--- Data supplied ---

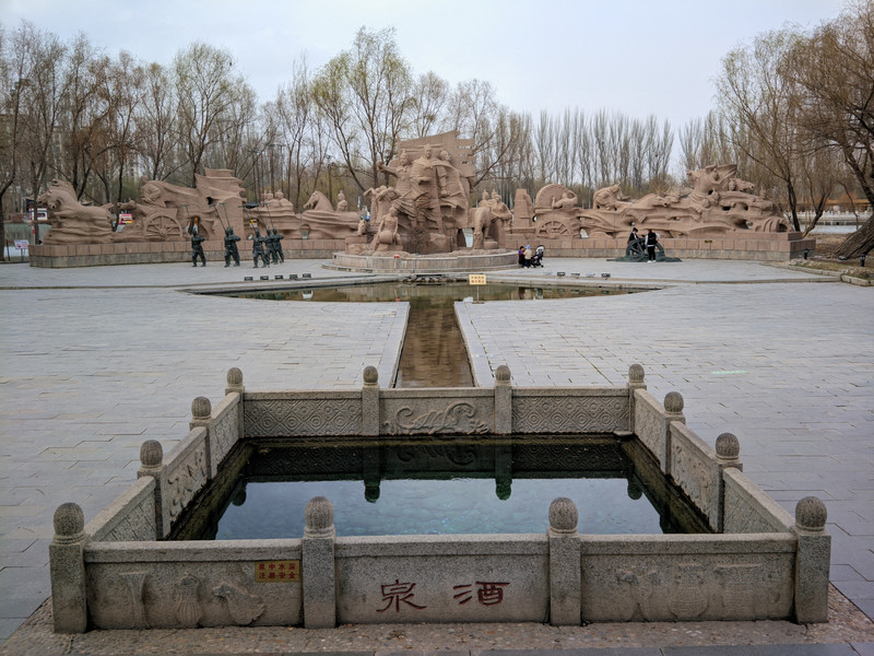 霍将军征匈奴、河西大捷,得到武帝褒奖的史实,在古泉北侧的大型雕塑得到了充分体现。它流光溢彩,气度不凡,群雕“出征”、“鏖战”、“庆功”三组场景,准确而艺术地再现了霍将军河西大捷的历史功绩和酒泉的来历。李白乐府诗《无胡人》写道:“严风吹霜海草凋,筋干精坚玥马骄,汉家战士三十万,将军兼领霍嫖姚,流星白羽腰间拽,创花秋莲光出匣,天兵照雪下玉关,虎剑如沙射金甲,云龙风虎尽交回,太白入月放可催。”吟诵了霍将军带领将士出击匈奴的威武场面和可歌可泣的英雄事迹。
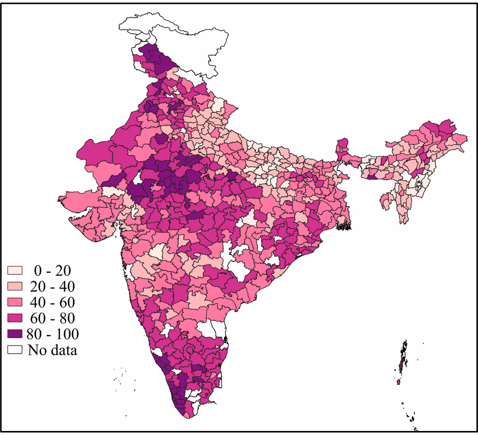 हम पांच साल से कम उम्र के बच्चों के टीकाकरण में औसत जिला स्तर की समयबद्धता का अध्ययन करने के लिए एनएफएचएस-4 (2015-16) डेटा का उपयोग करते हैं। हम समयबद्धता के स्थानिक वितरण को स्पष्ट करने के लिए बीसीजी और डीपीटी-3/पेंटावैलेंट-35 टीकों के आंकड़े प्रस्तुत करते हैं।
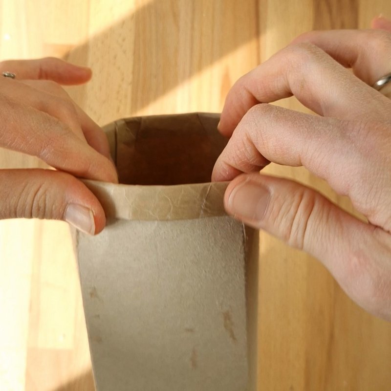 Oberen Rand der Packung ca. 1 cm umfalten. Vorgang wiederholen.
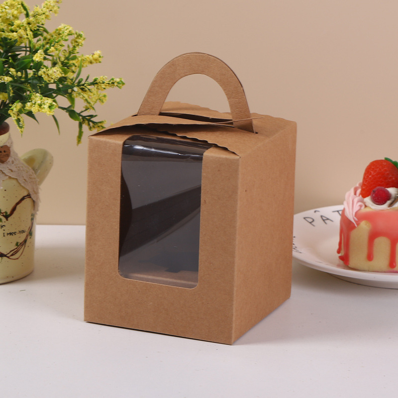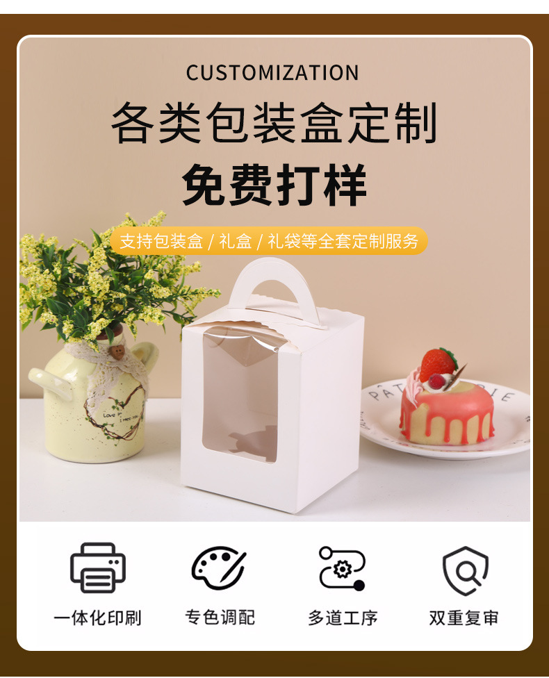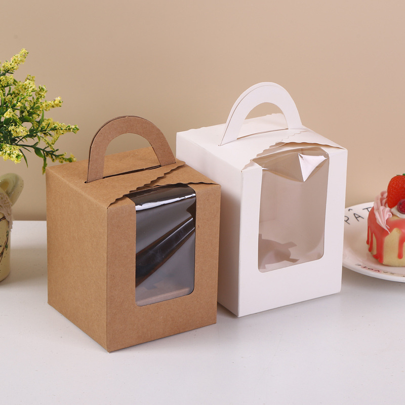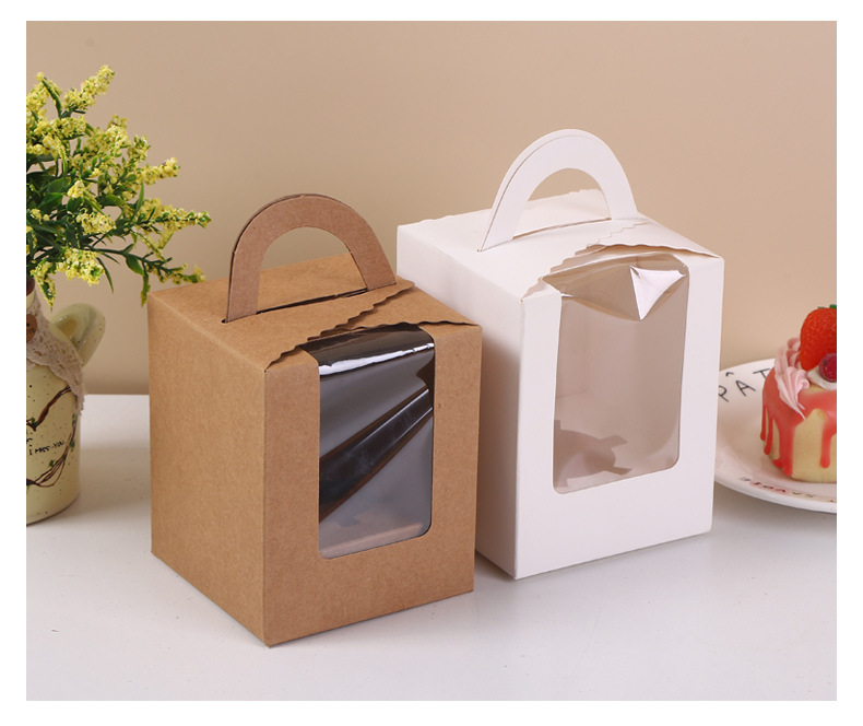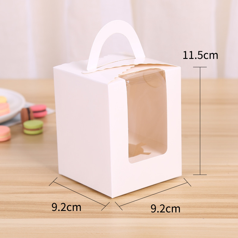 1格cupcake马芬盒纯白色手提纸杯蛋糕盒开窗西点木槺杯盒送内托
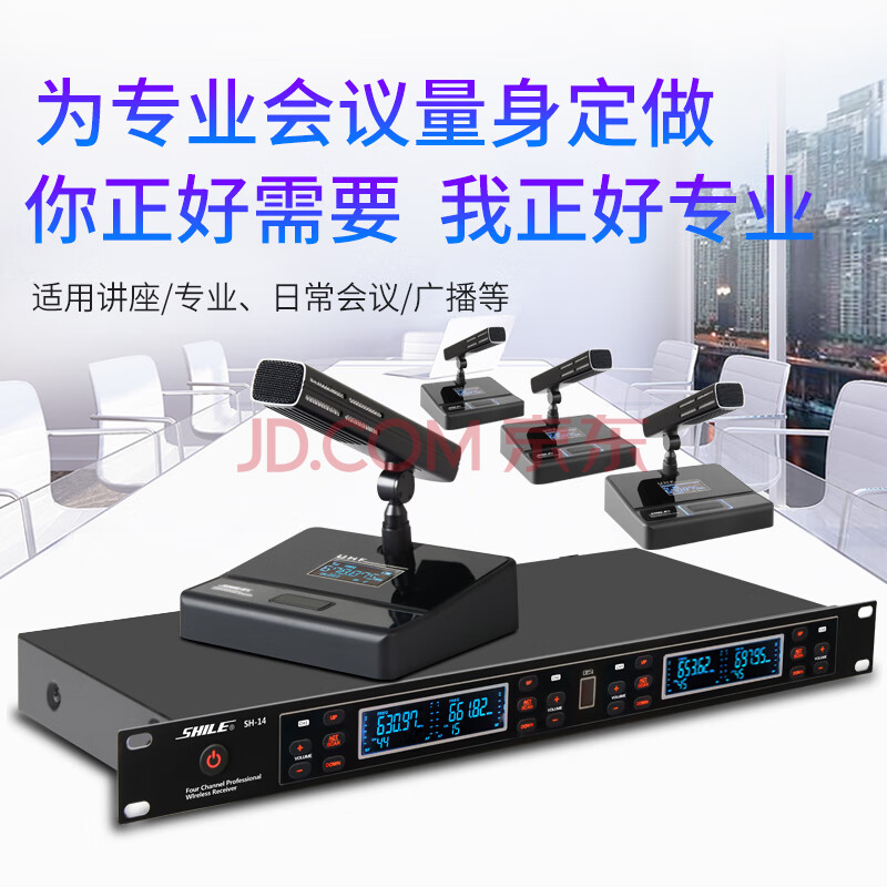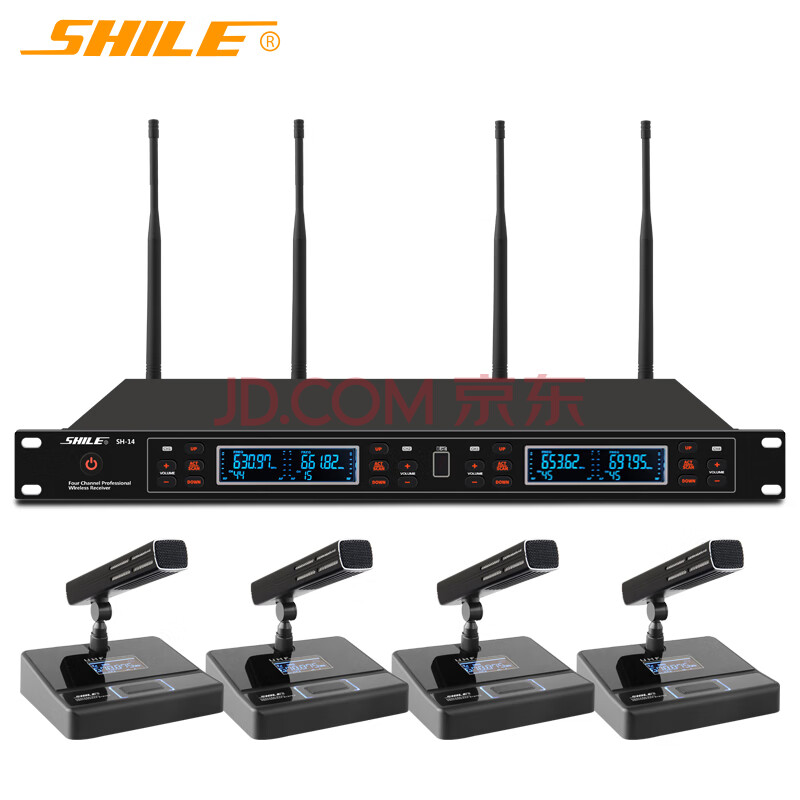 商品相册:狮乐(SHILE)SH-14无线会议室话筒短杆一拖四U段方杆麦克风专业会议主持桌面鹅颈第

---

• _Task instructions_: In the entries above, find the line containing "1格cupcake马芬盒纯白色手提纸杯蛋糕盒开窗西点木槺杯盒送内托", then please retype it and every line after it through the last, exactly as written, omitting pictures.

• _Response area_:
 1格cupcake马芬盒纯白色手提纸杯蛋糕盒开窗西点木槺杯盒送内托
 商品相册:狮乐(SHILE)SH-14无线会议室话筒短杆一拖四U段方杆麦克风专业会议主持桌面鹅颈第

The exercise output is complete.